Copy out the lines below that hold the word "العمل".

Task material:
= = = = = = =
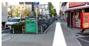
道順③ こがね陸橋方面へ
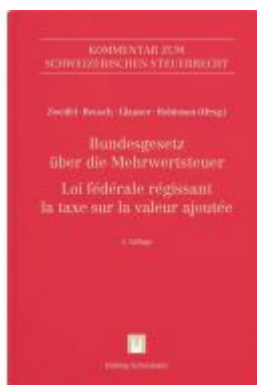
Bundesgesetz über die Mehrwertsteuer (MWSTG)/Loi fédérale régissant la taxe sur la valeur ajoutée (LTVA) Ladenpreis: 526,00EUR
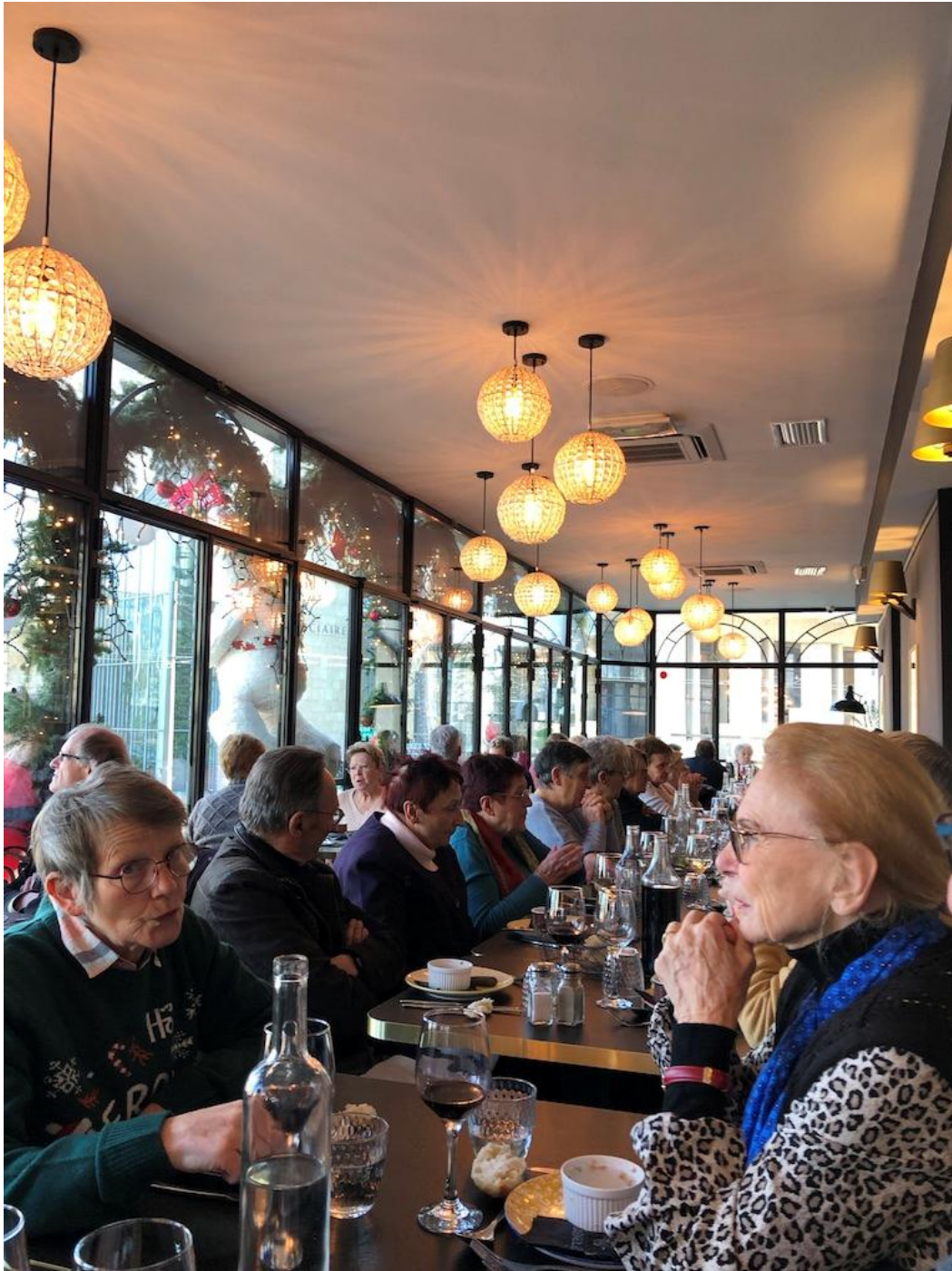
Au restaurant 1

Après le repas, l'après-midi fût consacrée à la visite des coulisses du circuit des 24 heures. Nos guides conférenciers passionnés et passionnants, nous ont fait entrer dans l'univers d'une des courses les plus mythiques au monde. Nous avons pu découvrir l'extraordinaire salle de presse pouvant accueillir jusqu'à 2500
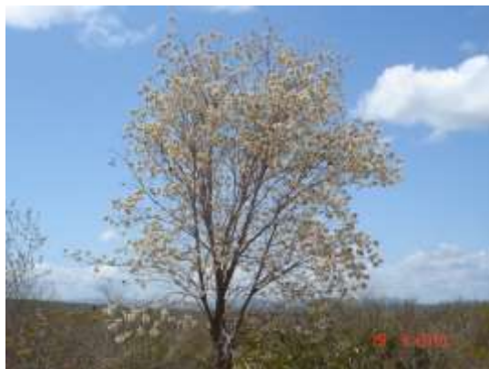
Figura 11 - Pau de Ema - Reserva Legal do Icó Mandantes
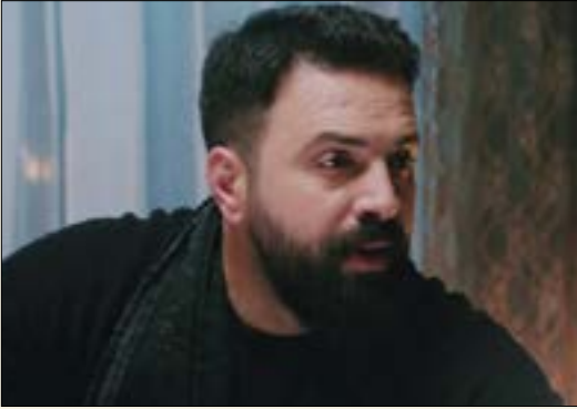
يؤدى تيم حسن بطولة العمل للمرة الثانية

الماضي، انتشرت أخبار في الكواليس تفيد بأن قناة Ibc1 تسعى لشراء المسلسل بعدما أعادت عرض الجزء الأول منه. لكن يبدو أن هذه الأنباء دفعت mtv إلى التمسك بالمشروع وتوقيع العقد مجدداً مع «صباح للإعلام». علماً بأن مجموعة عقبات وقفت بوجه تلك «الصفقة»، أولها ارتفاع ثمن العمل الدرامي بعد النجاح الذي حققه في 2017، وهذا الأمر لا يستهان به في ظل الأزمة المالية التي تعيشها القنوات المحلية. كذلك، اتبعت «صباح للإعلام» سياسة بيع إنتاجاتها كـ «سلسلة واحدة»، وهذه الخطوة تعني بيع مسلسلين معاً لشاشة لبنانية واحدة.
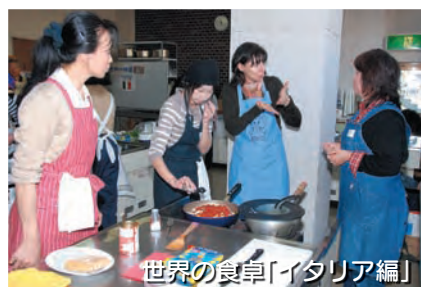
世界の食卓「イタリア編」

財団法人三好町国際交流協会(MIA)から 学習交流センター内 ☎(34)9000 ㊟(34)9001 ✉miyo-in@hm.aitai.ne.jp
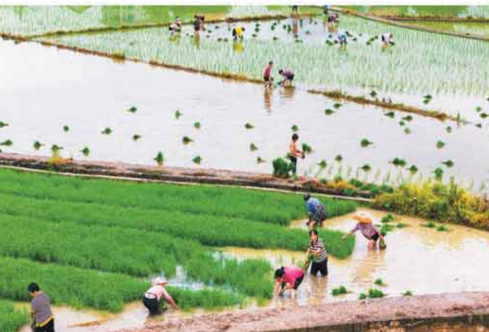
七月二十二日迎来今年夏季的最后一个节气大暑,湖南省娄底市农民纷纷抢抓农时,收割早稻、种植晚稻,助力全年粮食丰收。图为在娄底市娄山区杉山镇,农民抢抓晚稻插秧。

本报北京7月22日电(记者王云杉)记者从国家数据局获悉:国家数据局指导合肥、成都等7个城市建设数据标注基地,先行先试探索数据标注产业发展经验。截至今年上半年,7个数据标注基地建设数据集524个,服务大模型163个。高质量数据集是经过采集、加工等数据处理,可以直接用于开发和训练人工智能模型,能够有效提升模型性能的高质量数据集。据了解,国家数据局着力构建“部门协同、央地联动”的工作机制,全面加速高质量数据集建设和应用落地,组织开展生态培育专项行动,主要包括三个方面:一是组织开展高质量数据集典型案例征集和示范推广,挖掘医疗、工业、交通等重点领域标杆实践;二是定期举办技术交流会议,围绕数据标注、合成、高质量数据集建设方法论等开展深度研讨;三是搭建常态化供需对接平台,促进数据供给方、技术提供方、场景应用方精准匹配。
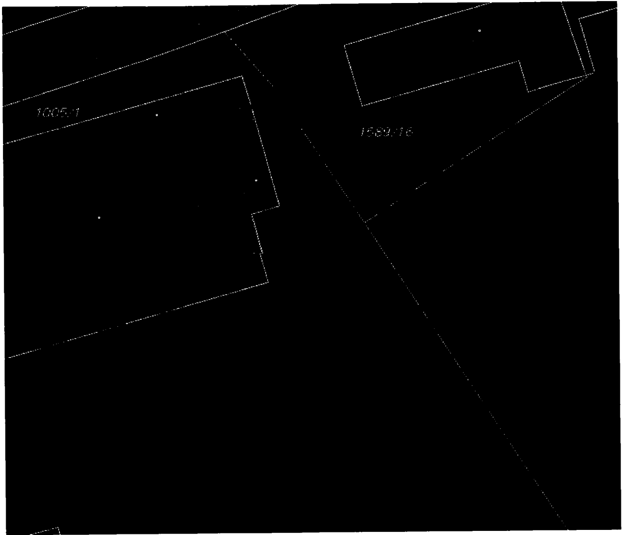
Část pozemku 1005/31 – 500 m 2
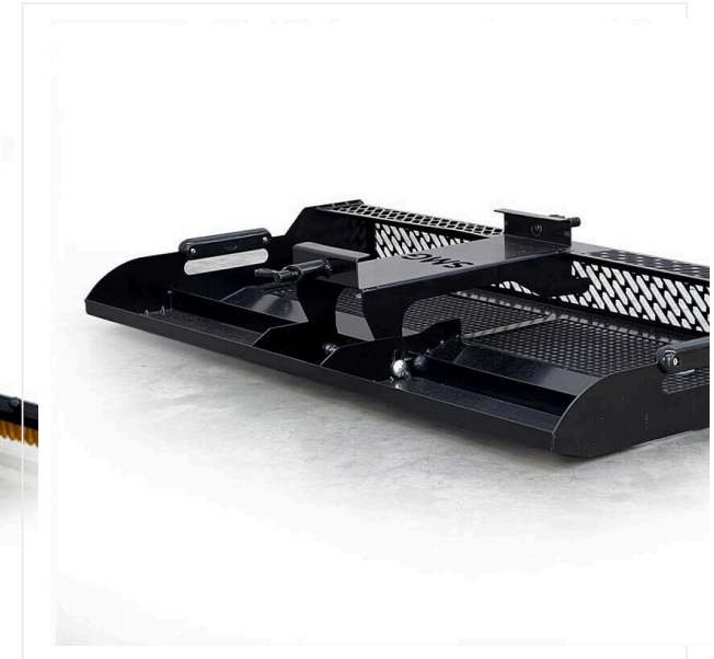
Recogedor de hojas LS900

Remolque con ruedas para césped artificial.
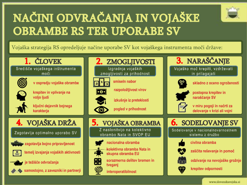
▲ Shema 6: Načini odvrtačanja in vojaške obrambe Republike Slovenije ter uporabe Slovenske vojske
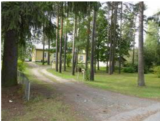
Tahintie 16 asuinrakennus.

Omalla tontillaan rakennusrivin päätteellä on kahden asunnon asuinrakennus vuodelta 1939.
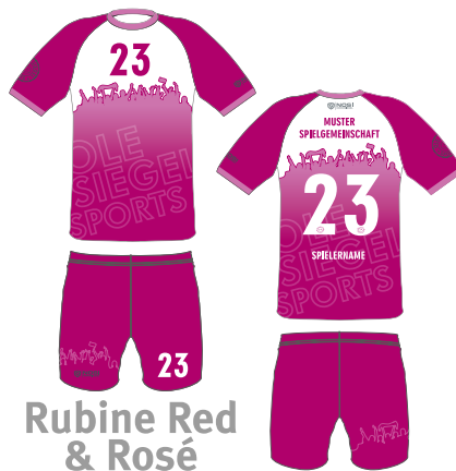
Rubine Red & Rosé
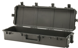
iM3220-X0000 No Foam
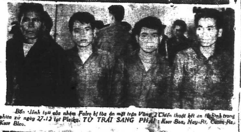
Bốn lãnh tụ của nhóm Fulro bị tòa án mới trên vùng 7 chiến thuật tại miền Trung...
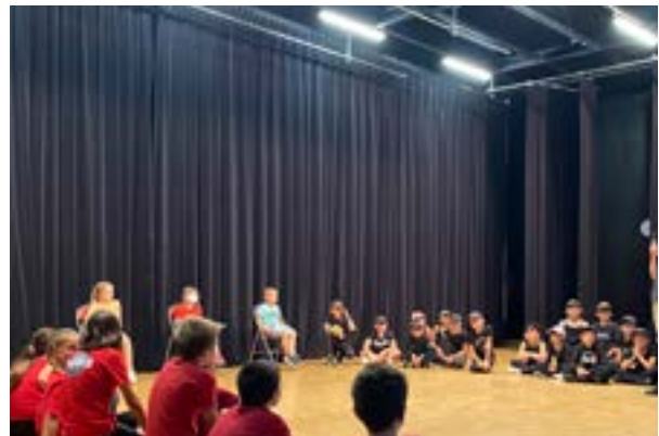
Dans la bienveillance et sous les encouragements de tous, les élèves se sont affrontés lors de battles entre classes.
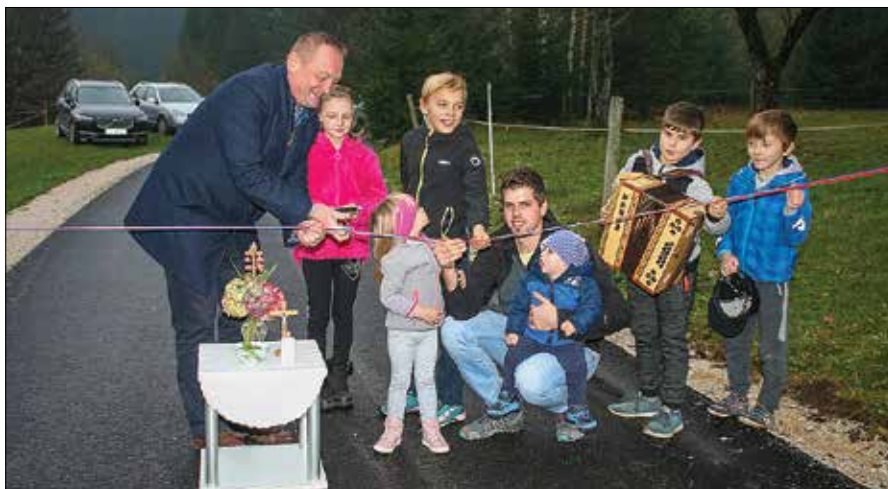
Trak so pomagali prerezati najmlajši krajanje, ki bodo poslej imeli boljše in varnejšo pot v svet.

Kot je še povedal župan, je bila rekonstrukcija že dolgo velika želja, slabo stanje ceste pa je klicalo po prenovi. Občina je za naložbo v prenavo okoli 1.200 m cestnih odsekov namenila okoli 150 tisoč evrov iz sredstev občinskega prora-
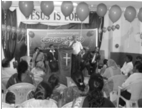
ఫీఫ్ ఎడిటర్ - కొడవటికంటి గారు
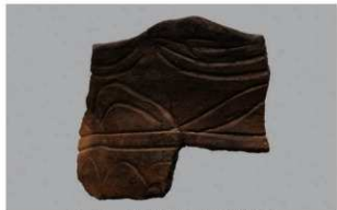
5 G-6出土土器 (第81图47)
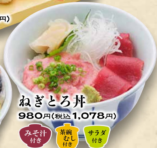
ねぎとろ丼 980円(税込1,078円)
= = = = = = =
Response:
يؤدى تيم حسن بطولة العمل للمرة الثانية
الماضي، انتشرت أخبار في الكواليس تفيد بأن قناة Ibc1 تسعى لشراء المسلسل بعدما أعادت عرض الجزء الأول منه. لكن يبدو أن هذه الأنباء دفعت mtv إلى التمسك بالمشروع وتوقيع العقد مجدداً مع «صباح للإعلام». علماً بأن مجموعة عقبات وقفت بوجه تلك «الصفقة»، أولها ارتفاع ثمن العمل الدرامي بعد النجاح الذي حققه في 2017، وهذا الأمر لا يستهان به في ظل الأزمة المالية التي تعيشها القنوات المحلية. كذلك، اتبعت «صباح للإعلام» سياسة بيع إنتاجاتها كـ «سلسلة واحدة»، وهذه الخطوة تعني بيع مسلسلين معاً لشاشة لبنانية واحدة.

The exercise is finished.